### EXERCISE
The required lines are those that contain "accent"; pull them out of the data and copy them.
(Beginning of DATA PROVIDED)
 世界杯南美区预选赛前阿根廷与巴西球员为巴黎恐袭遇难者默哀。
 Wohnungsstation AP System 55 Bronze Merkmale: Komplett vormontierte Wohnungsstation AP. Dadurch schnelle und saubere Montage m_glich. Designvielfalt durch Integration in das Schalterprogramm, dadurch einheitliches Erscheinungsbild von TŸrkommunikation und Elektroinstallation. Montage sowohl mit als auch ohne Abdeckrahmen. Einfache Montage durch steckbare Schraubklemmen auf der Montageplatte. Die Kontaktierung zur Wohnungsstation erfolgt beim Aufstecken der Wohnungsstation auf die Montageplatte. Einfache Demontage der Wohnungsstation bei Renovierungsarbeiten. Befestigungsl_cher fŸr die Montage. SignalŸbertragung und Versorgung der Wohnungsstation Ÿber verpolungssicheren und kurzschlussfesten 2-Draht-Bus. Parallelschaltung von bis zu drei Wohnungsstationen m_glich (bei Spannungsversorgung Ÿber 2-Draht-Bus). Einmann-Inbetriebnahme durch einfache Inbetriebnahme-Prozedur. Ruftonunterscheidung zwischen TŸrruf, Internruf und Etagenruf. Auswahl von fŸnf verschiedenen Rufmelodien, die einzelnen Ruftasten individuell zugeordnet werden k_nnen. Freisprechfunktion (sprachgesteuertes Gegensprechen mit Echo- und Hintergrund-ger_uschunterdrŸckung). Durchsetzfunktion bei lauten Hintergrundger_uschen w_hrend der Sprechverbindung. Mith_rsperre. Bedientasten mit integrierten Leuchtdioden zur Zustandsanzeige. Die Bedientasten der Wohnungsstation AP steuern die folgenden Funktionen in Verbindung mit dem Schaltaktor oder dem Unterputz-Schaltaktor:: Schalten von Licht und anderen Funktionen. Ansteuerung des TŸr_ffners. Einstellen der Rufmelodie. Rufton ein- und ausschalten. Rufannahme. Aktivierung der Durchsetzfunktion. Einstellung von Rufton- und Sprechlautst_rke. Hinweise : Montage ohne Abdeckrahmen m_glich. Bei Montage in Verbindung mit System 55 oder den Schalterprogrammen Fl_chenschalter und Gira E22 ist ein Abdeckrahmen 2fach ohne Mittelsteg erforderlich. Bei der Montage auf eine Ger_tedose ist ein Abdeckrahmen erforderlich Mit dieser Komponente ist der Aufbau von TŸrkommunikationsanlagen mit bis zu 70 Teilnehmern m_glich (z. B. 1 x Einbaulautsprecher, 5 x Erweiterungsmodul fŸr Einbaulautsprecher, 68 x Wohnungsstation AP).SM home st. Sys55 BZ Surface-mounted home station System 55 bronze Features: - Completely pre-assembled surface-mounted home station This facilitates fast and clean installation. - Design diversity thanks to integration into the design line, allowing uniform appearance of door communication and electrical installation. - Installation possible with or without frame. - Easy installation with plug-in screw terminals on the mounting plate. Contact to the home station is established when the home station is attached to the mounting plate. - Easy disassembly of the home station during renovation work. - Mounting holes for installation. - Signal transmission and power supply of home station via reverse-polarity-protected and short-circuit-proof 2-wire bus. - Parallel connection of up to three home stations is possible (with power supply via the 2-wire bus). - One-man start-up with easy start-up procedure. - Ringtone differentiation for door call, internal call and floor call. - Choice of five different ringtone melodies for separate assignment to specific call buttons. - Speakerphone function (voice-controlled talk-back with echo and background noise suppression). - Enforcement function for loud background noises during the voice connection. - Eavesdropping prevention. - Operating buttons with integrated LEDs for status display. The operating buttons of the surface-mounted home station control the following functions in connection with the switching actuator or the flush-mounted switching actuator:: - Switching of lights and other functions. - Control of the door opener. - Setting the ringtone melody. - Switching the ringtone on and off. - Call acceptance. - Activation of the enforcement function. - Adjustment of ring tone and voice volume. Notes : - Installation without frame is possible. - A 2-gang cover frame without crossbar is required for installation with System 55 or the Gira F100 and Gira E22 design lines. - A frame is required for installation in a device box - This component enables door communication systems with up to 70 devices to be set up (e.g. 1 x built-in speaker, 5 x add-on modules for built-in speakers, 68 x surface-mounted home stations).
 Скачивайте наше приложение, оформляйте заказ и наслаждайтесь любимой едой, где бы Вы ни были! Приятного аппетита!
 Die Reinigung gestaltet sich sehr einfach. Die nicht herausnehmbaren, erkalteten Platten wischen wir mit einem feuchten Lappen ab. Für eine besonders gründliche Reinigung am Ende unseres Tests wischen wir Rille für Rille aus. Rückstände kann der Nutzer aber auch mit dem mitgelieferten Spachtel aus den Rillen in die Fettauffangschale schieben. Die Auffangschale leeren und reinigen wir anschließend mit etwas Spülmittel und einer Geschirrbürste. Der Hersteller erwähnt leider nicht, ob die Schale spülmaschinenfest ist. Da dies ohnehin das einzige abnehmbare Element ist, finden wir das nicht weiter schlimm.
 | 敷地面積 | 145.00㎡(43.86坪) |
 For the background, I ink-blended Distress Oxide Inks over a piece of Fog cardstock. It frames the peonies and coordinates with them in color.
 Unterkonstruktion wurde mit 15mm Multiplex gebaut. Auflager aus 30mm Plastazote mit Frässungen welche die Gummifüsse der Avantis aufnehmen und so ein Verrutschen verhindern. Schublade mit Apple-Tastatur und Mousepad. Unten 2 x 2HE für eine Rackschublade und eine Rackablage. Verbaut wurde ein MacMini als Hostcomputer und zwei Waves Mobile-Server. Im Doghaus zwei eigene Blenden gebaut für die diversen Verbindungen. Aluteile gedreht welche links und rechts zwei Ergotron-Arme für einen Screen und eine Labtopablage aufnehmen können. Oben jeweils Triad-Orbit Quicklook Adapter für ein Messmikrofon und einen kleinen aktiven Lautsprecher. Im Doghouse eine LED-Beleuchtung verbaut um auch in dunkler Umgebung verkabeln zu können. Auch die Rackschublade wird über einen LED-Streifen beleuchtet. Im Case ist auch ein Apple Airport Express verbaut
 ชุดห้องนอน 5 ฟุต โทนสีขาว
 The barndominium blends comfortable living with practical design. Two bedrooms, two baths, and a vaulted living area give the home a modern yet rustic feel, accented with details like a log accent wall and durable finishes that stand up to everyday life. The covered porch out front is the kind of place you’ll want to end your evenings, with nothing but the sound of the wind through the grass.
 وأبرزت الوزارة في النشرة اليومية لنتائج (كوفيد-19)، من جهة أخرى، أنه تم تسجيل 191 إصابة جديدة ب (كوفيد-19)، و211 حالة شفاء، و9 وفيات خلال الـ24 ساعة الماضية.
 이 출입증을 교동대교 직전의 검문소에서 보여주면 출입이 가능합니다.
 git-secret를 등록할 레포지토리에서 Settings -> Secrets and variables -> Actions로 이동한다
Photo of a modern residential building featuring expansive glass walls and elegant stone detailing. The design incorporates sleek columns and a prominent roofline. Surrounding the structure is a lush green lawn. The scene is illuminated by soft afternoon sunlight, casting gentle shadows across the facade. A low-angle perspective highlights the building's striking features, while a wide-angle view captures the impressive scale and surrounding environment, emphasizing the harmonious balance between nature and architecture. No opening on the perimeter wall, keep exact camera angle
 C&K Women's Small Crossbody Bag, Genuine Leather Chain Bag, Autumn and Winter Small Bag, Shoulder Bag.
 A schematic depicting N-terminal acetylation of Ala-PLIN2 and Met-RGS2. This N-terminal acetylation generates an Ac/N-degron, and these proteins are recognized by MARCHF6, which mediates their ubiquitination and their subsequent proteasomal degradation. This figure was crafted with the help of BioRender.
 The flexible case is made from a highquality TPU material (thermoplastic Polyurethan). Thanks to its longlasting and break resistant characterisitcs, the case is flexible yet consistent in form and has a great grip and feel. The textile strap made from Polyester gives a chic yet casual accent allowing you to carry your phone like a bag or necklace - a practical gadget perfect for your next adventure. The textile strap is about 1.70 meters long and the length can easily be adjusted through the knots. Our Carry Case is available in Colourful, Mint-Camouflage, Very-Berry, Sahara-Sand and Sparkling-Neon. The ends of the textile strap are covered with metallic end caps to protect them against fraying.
(End of DATA PROVIDED)
### ANSWER TO THE PROBLEM
 The barndominium blends comfortable living with practical design. Two bedrooms, two baths, and a vaulted living area give the home a modern yet rustic feel, accented with details like a log accent wall and durable finishes that stand up to everyday life. The covered porch out front is the kind of place you’ll want to end your evenings, with nothing but the sound of the wind through the grass.
 The flexible case is made from a highquality TPU material (thermoplastic Polyurethan). Thanks to its longlasting and break resistant characterisitcs, the case is flexible yet consistent in form and has a great grip and feel. The textile strap made from Polyester gives a chic yet casual accent allowing you to carry your phone like a bag or necklace - a practical gadget perfect for your next adventure. The textile strap is about 1.70 meters long and the length can easily be adjusted through the knots. Our Carry Case is available in Colourful, Mint-Camouflage, Very-Berry, Sahara-Sand and Sparkling-Neon. The ends of the textile strap are covered with metallic end caps to protect them against fraying.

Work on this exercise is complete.